Almanya, son seçimlerde keskin bir formda sağa kayarak 1930’lardan bu yana en yüksek çok sağ sonucunu elde etti.
Seçim sonuçları dünya genelinde bir şok dalgası yaratırken, İsrail’de Binyamin Netanyahu liderliğindeki hükümet, bu seçimlerin sessiz galibi olarak görülüyor.
NETANYAHU’NUN ODAĞI İŞ BİRLİĞİNDE
Dünyanın dikkati, Almanların beşte birinin çok sağcı popülist Almanya İçin Alternatif (AfD) partisini desteklemesinin yarattığı şoktayken, Netanyahu’nun odağı, gelecek hükümette merkez-sağ görüşlü Hristiyan Demokratlarla yapacakları iş birliği olacak.
Hristiyan Demokratları tekrar başbakanlığa taşıyacak olan Friedrich Merz, Almanya’nın İsrail’e zati cömertçe verdiği dayanağı daha da artırma kelamı verdi.

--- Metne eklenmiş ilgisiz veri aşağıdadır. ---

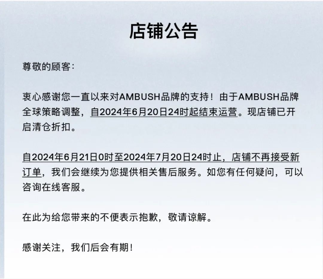 日前,Ambush在天貓旗艦店發(fā)布公告稱,由于全球品牌策略調(diào)整,店鋪將自6月20日24時(shí)起結(jié)束運(yùn)營,現(xiàn)店鋪已開啟清倉折扣。6月21日至7月20日期間,店鋪將不再接受新訂單,但繼續(xù)提供售后服務(wù)服務(wù)。
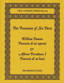 one for six trebles (W. Daman) and one for six basses (Alphonso Ferrabosco I), ed. Brookes, score and parts.A tenor transposition for each fantasia is included.
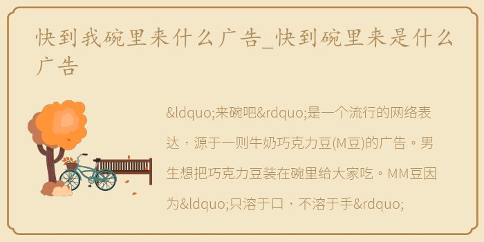 “来碗吧”是一个流行的网络表达,源于一则牛奶巧克力豆(M豆)的广告。男生想把巧克力豆装在碗里给大家吃。MM豆因为“只溶于口,不溶于手”的特性,不愿意进碗。广告中,男孩招待朋友,去拿巧克力。他拿了一个碗,对巧克力豆说:“到碗里来!””巧克力豆说,“你只管去拿碗!""
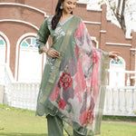 Green Solid & Embroidered Silk Blend Straight Kurta Pant Dupatta Set
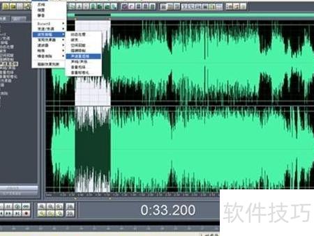 7、 在菜单栏选择效果→波形振幅→声道重混缩,打开相应设置窗口。

İSRAİL İLE BİRLİKTE ÇALIŞACAK
Uluslararası Ceza Mahkemesi’nin Gazze’deki savaş hataları nedeniyle verdiği tutuklama buyruklarına karşın İsrail Başbakanı Binyamin Netanyahu’nun Almanya’yı ziyaret edebilmesini sağlamak için “her şeyi yapacağına” yemin etti.
Aynı vakitte da misyondan ayrılan hükümetin İsrail’e silah ihracatına uyguladığı “ambargosunu” da sona erdireceğine kelam verdi.
TRUMP’IN SKANDAL GAZZE PLANI
Tüm bu durumların ortasında, ABD Başkanı Donald Trump’ın Gazze Şeridi’ni ele geçirme ve Filistinli nüfusu zorla yerinden etme planı geldi.
Merkez sol Toplumsal Demokratlar planı “tamamen kabul edilemez” olarak, Yeşiller planı “uluslararası hukuka aykırı” olarak nitelerken, Hristiyan Demokratlar ise planı kınayan hiçbir açıklamada bulunmadı. Hatta parti içinden kimi milletvekilleri, Trump’ı öven açıklamalarda bulundu.
Bu durum, yeni iktidarın Almanya’nın İsrail-Filistin savaşı konusundaki duruşunu nasıl değiştirebileceğine dair açık bir işaret sunuyor.